_Data shown_

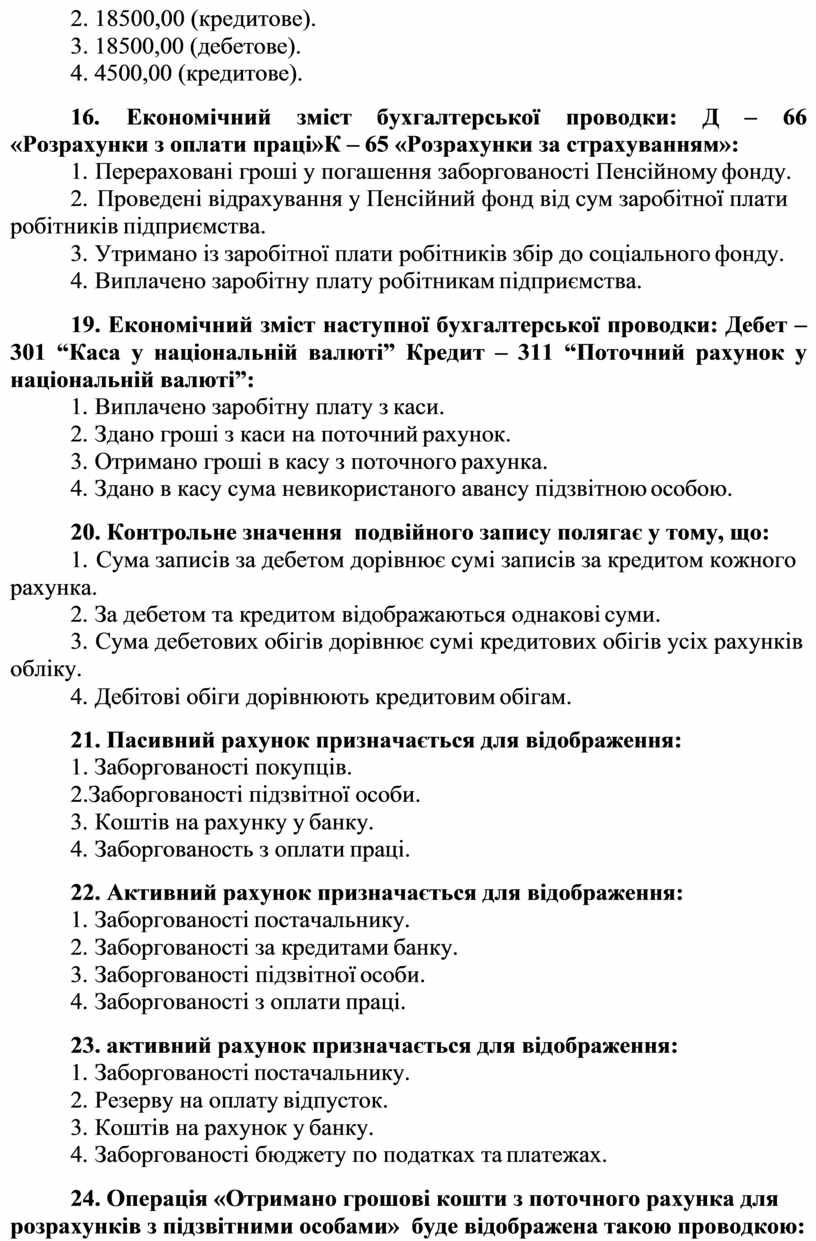 17. Визначити сальдо рахунка «641 «Розрахунки за податками» на кінець місяця, якщо відомо, що заборгованість перед бюджетом по податках та платежах на початок місяця 11500,00 грн, перераховано до бюджету суму – 15000,00 грн, нараховано податків – 8000,00 грн.
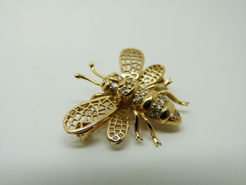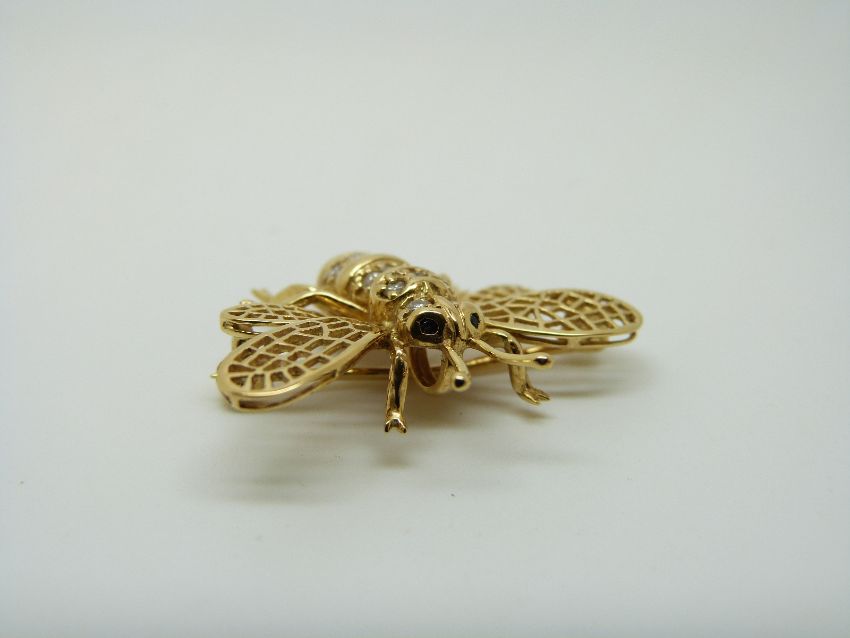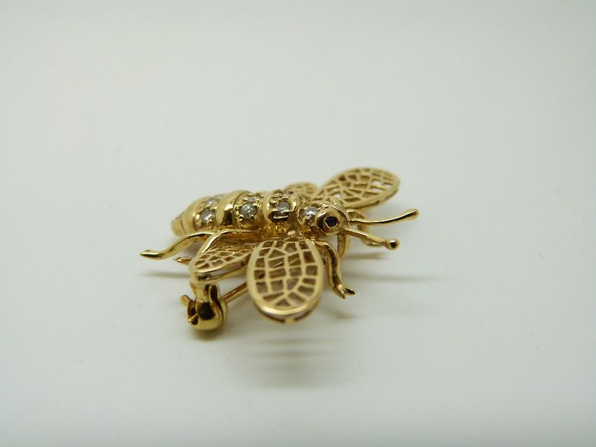 An 18ct gold brooch/ pendant in the form of an insect set with diamonds to the body, pierced wings and sapphire eyes, 3 x 2.8cm
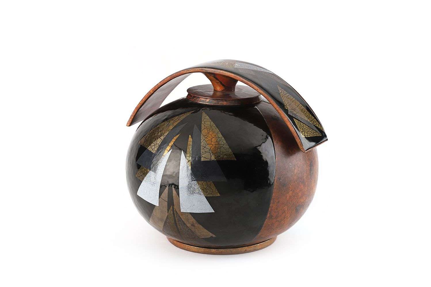 En dinanderie de cuivre martelé, à décor emaillé noir gris et or de motifs géométriques.

_Goal of the exercise_
Go through the material above and repeat it exactly. Omit the pictures.

_Task answer_
 17. Визначити сальдо рахунка «641 «Розрахунки за податками» на кінець місяця, якщо відомо, що заборгованість перед бюджетом по податках та платежах на початок місяця 11500,00 грн, перераховано до бюджету суму – 15000,00 грн, нараховано податків – 8000,00 грн.
 An 18ct gold brooch/ pendant in the form of an insect set with diamonds to the body, pierced wings and sapphire eyes, 3 x 2.8cm
 En dinanderie de cuivre martelé, à décor emaillé noir gris et or de motifs géométriques.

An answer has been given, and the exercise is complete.